Губы у Мотекухсомы дрогнули. Он обратился к донне Марине с просьбой перевести, что сказал этот представительный, богато одетый чу земец.
Марина кротким голосом объяснила повелителю, что пополокас не желают отступать от своих требований, и если он не последует за ним, то в них сейчас проснется дух бога войны. Тогда они впадут в неистовство и ацтеки осиротеют. Зачем лишать единственной надежды свой народ, добавила он. Еще страшнее, что подходит час, когда просыпаются чудовища грома и молний, чей голос жители Теночтитлана слышали вчера вечером. Они требуют
Мотекухсома опустил голову и пробормотал, что он согласен.
Эта женщина, которая столько лет мечтала об этой минуте, которая жила несбыточной надеждой увидеть сломленного, погибающего от справедливого воздаяния ацтека, ни голосом, ни взглядом не выдала своих чувств. Так же кротко, не поднимая глаз на дона Эрнандо, она объявила, что великий государь вполне удовлетворен этими объяснениями и в интересах вселенной, страны и народа согласен сменить ставку и перейти на жительство в дом своего отца.
Советники и слуги, находившиеся в зале - их, несколько человек, держали под охраной два наших солдата, - застыли как истуканы. Они собственными ушами слышали, как тлатоани пошел на поводу у грубых и заносчивых чужеземцев. Он внял доводам нарядной, красивой змеи в женском обличии!.. Это Мотекухсома, ходивший с победоносными походами до самого побережья, окончательно подмявший под себя Тескоко, который никогда и нигде не позволял ронять свое достоинство разговорами с низшими по рангу людишками?!
Изумление охватило дворцовую стражу и сотни людей, которые толпами стекались на площадь, чтобы защитить честь и достоинство своего владыки, когда дворцовый глашатай срывающимся голосом объявил о перемене места пребывания живого солнца. Теперь оно будет светить во дворце своего отца... Обращенные к народу слова Мотекухсомы вызвали всеобщее смятение. Тлатоани подтвердил все сказанное глашатаем и добавил, что никто не волен ослушаться богов, чьим воплощением он является. "Радуйтесь, ацтеки!
– провозгласил он.
– Солнце по-прежнему будет вставать на востоке и скрываться на западе. Дни будут светлы, а ночи темны. Маис - набирать силу, полнить отборным зерном початки, а всемогущий Тлалок поливать землю благодатным дождем".

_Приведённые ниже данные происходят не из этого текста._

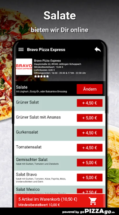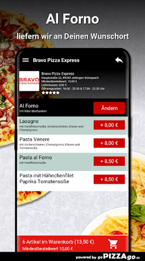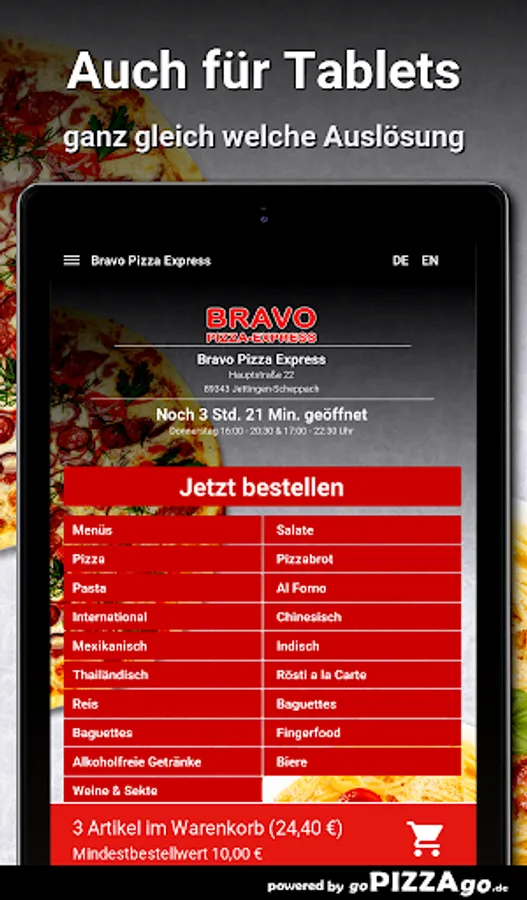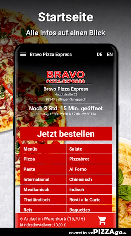 You can easily order a delicious variety of tastefully prepared dishes from the home service Bravo Pizza Express (89343 Jettingen-Scheppach) and have them delivered quickly. We have 136 dishes for you such as a large enchilada, salad kala, vegetarian pizza, salami mushroom pizza, vegetarian baguette, lasagna as well as garlic pizza bread for € 3.50. Our most popular specialties are When does Bravo Pizza Express deliver?

Без всяких помех мы добрались до дворца Ашайякатла. Еще не до конца уверовав в успех, прошли через ворота, которые тут же захлопнулись за нами. Только теперь смогли перевести дух. Я подал знак пушкарям. Вновь громовые раскаты холостых залпов потрясли округу, однако на этот раз лишь мимолетное шевеление пробежала по рядам собравшихся на площади горожан. Они ещё долго стояли перед воротами, немые, озадаченные, расходиться начали только в ранних сумерках.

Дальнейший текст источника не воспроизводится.